Provided material.
···

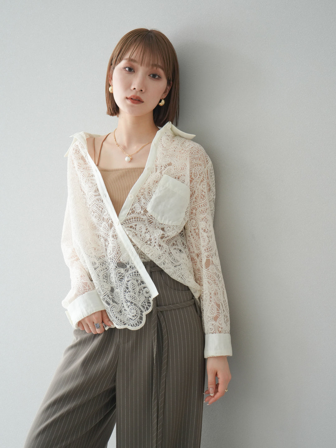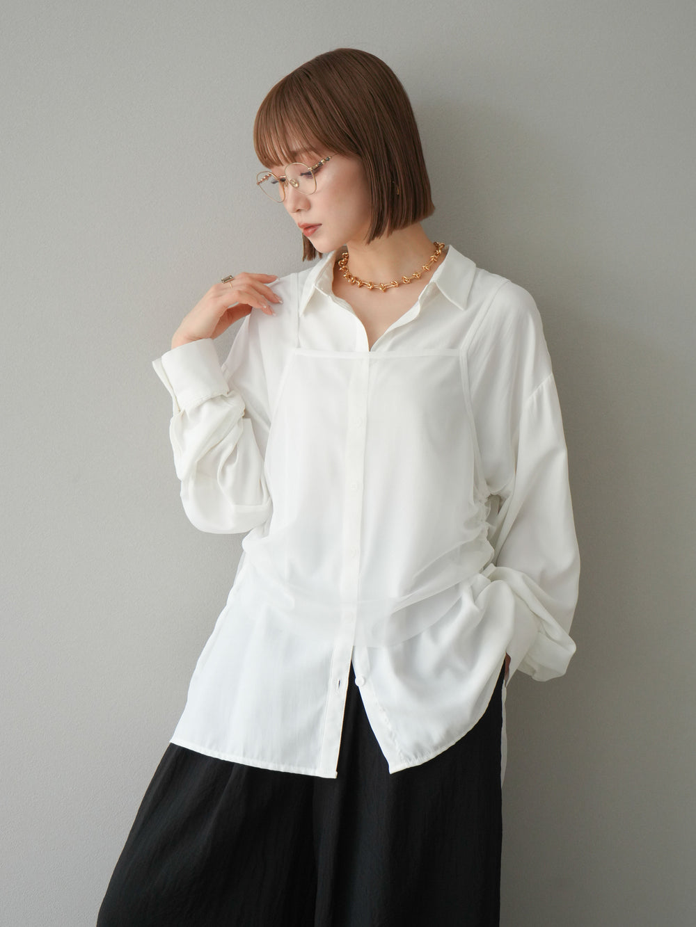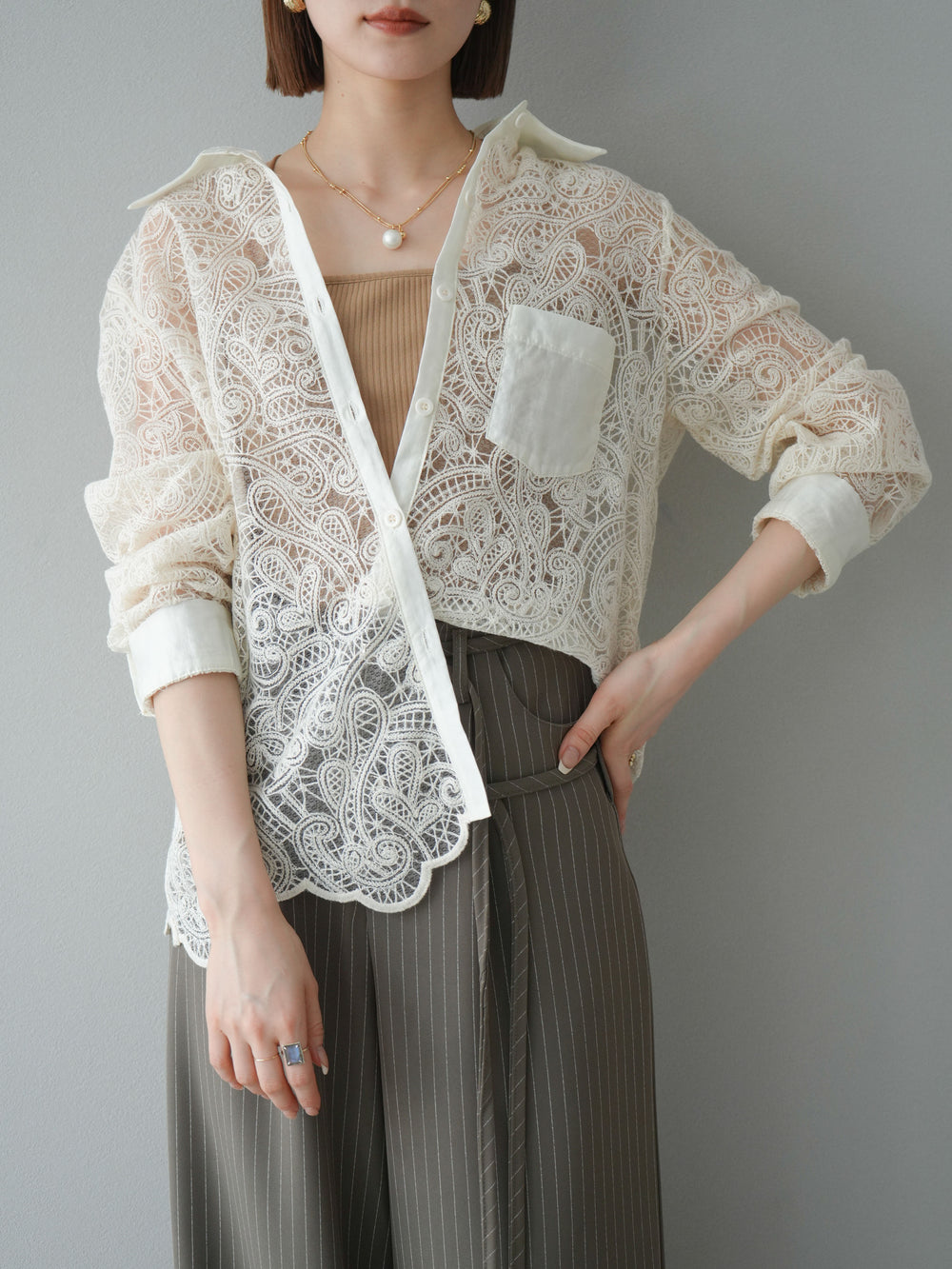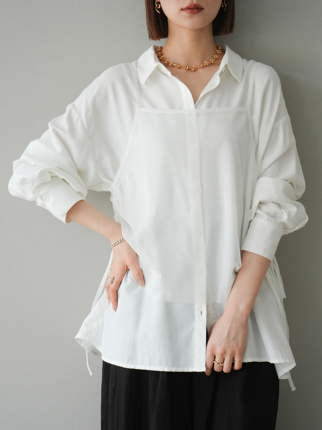 【預購】流蘇提花 x 薄紗疊搭襯衫/象牙白
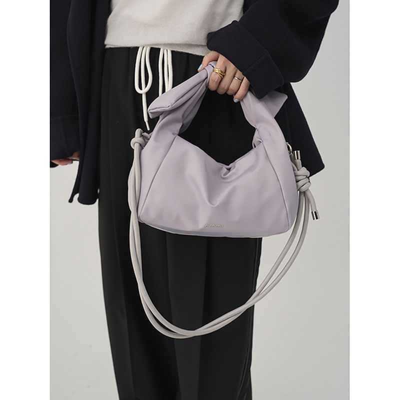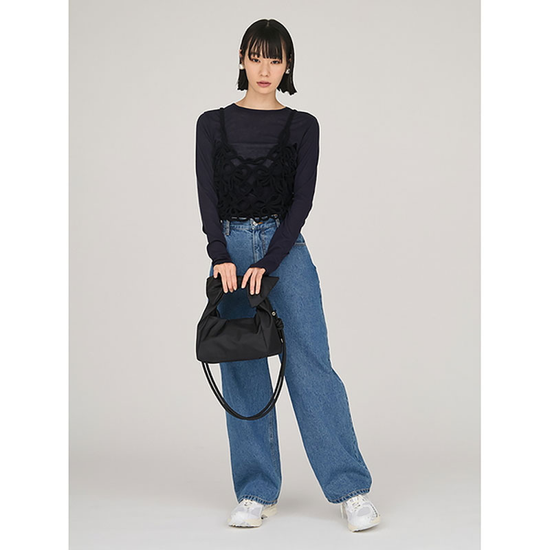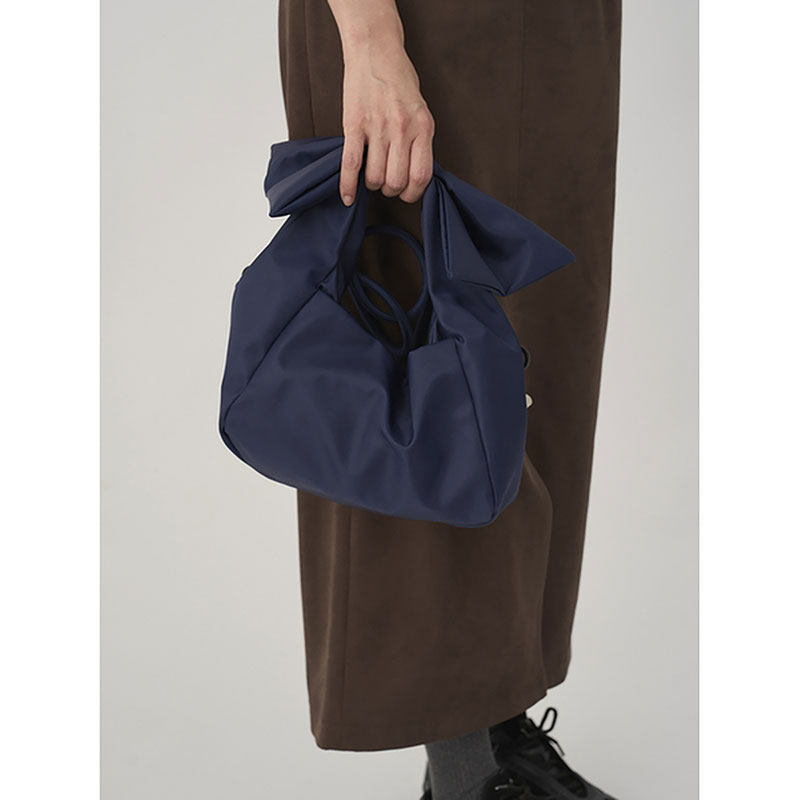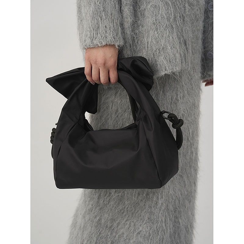 リボンデザインが施されたハンドルが特徴の小さめのバッグです。コーディネートのアクセントとして使えるデザインで、コンパクトながらも収納力もあります。さらに、ショルダーストラップは取り外し可能なので、その日のスタイルに合わせて変化できるバッグです。カジュアルやシンプルなコーディネートにアクセントとしてオススメのバッグです。
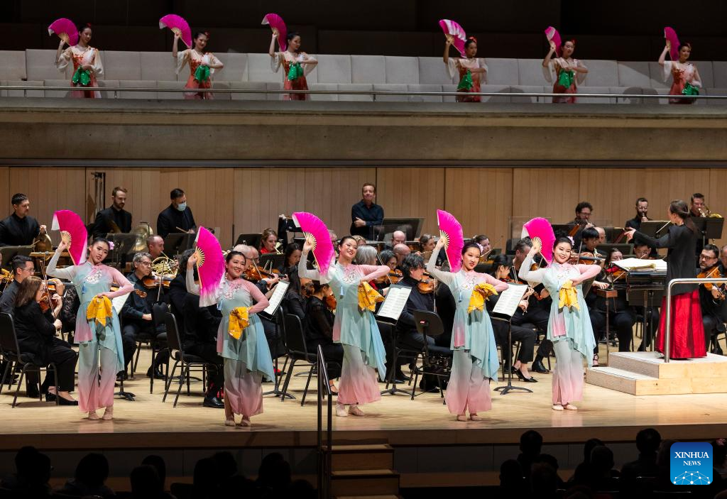 Dressed-up dancers perform while the Toronto Symphony Orchestra plays "Flower Drum Song from Feng Yang" from Folk Songs for Orchestra at Roy Thomson Hall in Toronto, Canada, Feb. 13, 2024. A concert in celebration of the Chinese New Year of the Dragon was held here by the Toronto Symphony Orchestra on Tuesday. (Photo by Zou Zheng/Xinhua)

···

Action item. A verbatim copy of the data, pictures removed, is the expected result.

Reply to the task.
 【預購】流蘇提花 x 薄紗疊搭襯衫/象牙白
 リボンデザインが施されたハンドルが特徴の小さめのバッグです。コーディネートのアクセントとして使えるデザインで、コンパクトながらも収納力もあります。さらに、ショルダーストラップは取り外し可能なので、その日のスタイルに合わせて変化できるバッグです。カジュアルやシンプルなコーディネートにアクセントとしてオススメのバッグです。
 Dressed-up dancers perform while the Toronto Symphony Orchestra plays "Flower Drum Song from Feng Yang" from Folk Songs for Orchestra at Roy Thomson Hall in Toronto, Canada, Feb. 13, 2024. A concert in celebration of the Chinese New Year of the Dragon was held here by the Toronto Symphony Orchestra on Tuesday. (Photo by Zou Zheng/Xinhua)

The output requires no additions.